Print the listing from its top line through the line containing "Une demi-heure plus", nothing more, and leave out the pictures.

SOURCE DATA =>
***

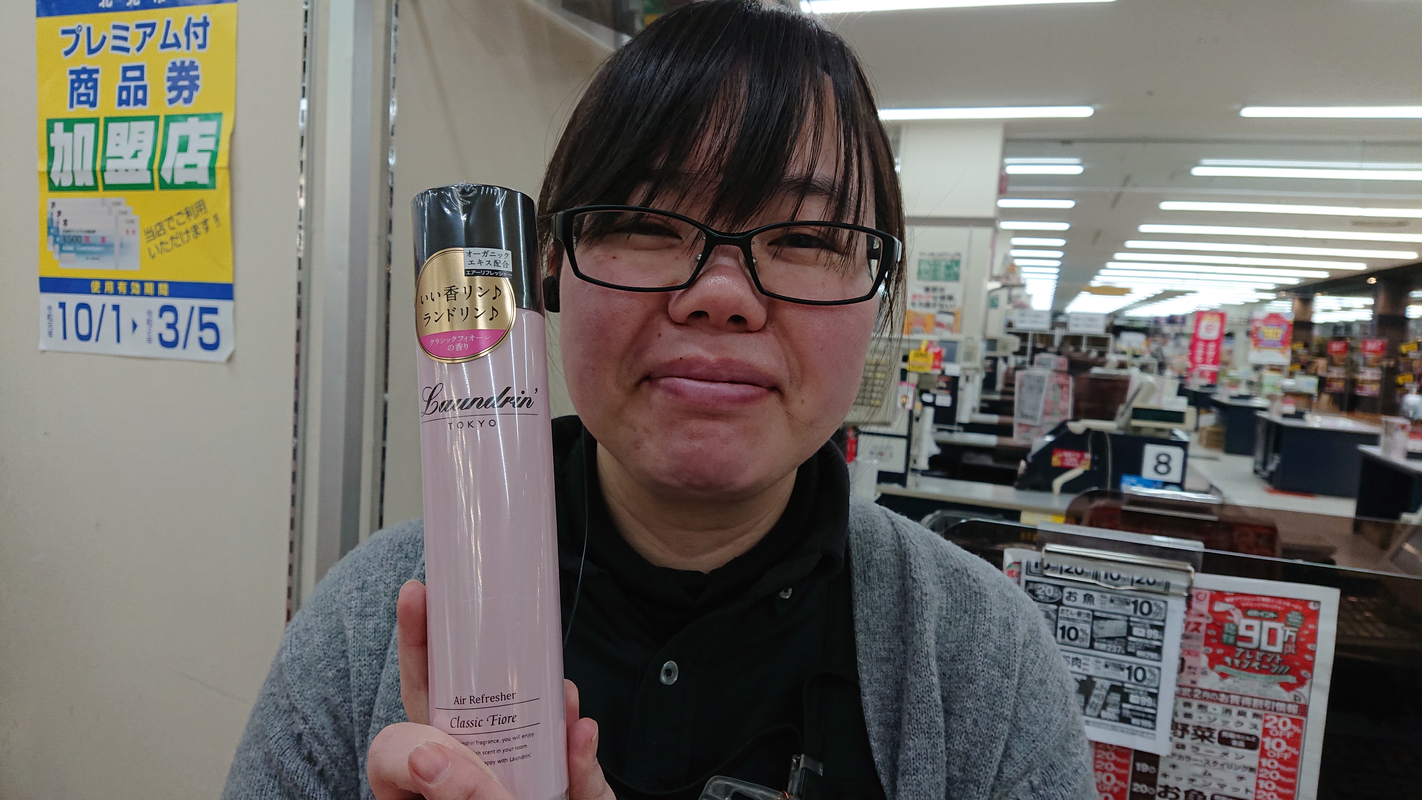 おはようございます。家庭消耗品担当小西です。本日のおすすめ商品は、ラボンフレグランススプレーです。お部屋に良い香りが漂います。
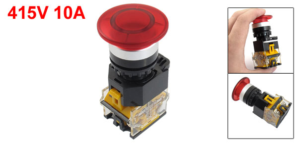415V 10A Momentary Red Mushroom Push Button Switch 22mm 1 NO 1 NC
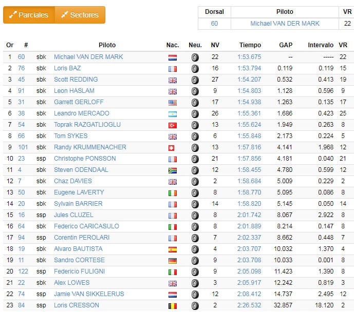 Une demi-heure plus tard, Sylvain Barrier (Brixx Performance Ducati) s’élançait le premier, suivi de Scott Redding (Ducati Aruba) et Michaël van der Mark (Yamaha Pata), ce dernier établissant une première référence en 2’12.453.
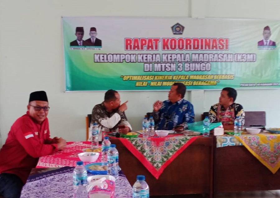 Bungo (MTsN 4 bungo) – Hari ini (19/2) Kepala MTs N 4 Bungo turut serta menghadiri Rapat Koordinasi Kelompok Kerja Kepala Madrasah (K3M) yang digelar di MTs Negeri 3 Bungo, yang terletak paling ujung wilayah barat kabupaten Bungo Provinsi Jambi.

***

YOUR SOLUTION =>
 おはようございます。家庭消耗品担当小西です。本日のおすすめ商品は、ラボンフレグランススプレーです。お部屋に良い香りが漂います。
415V 10A Momentary Red Mushroom Push Button Switch 22mm 1 NO 1 NC
 Une demi-heure plus tard, Sylvain Barrier (Brixx Performance Ducati) s’élançait le premier, suivi de Scott Redding (Ducati Aruba) et Michaël van der Mark (Yamaha Pata), ce dernier établissant une première référence en 2’12.453.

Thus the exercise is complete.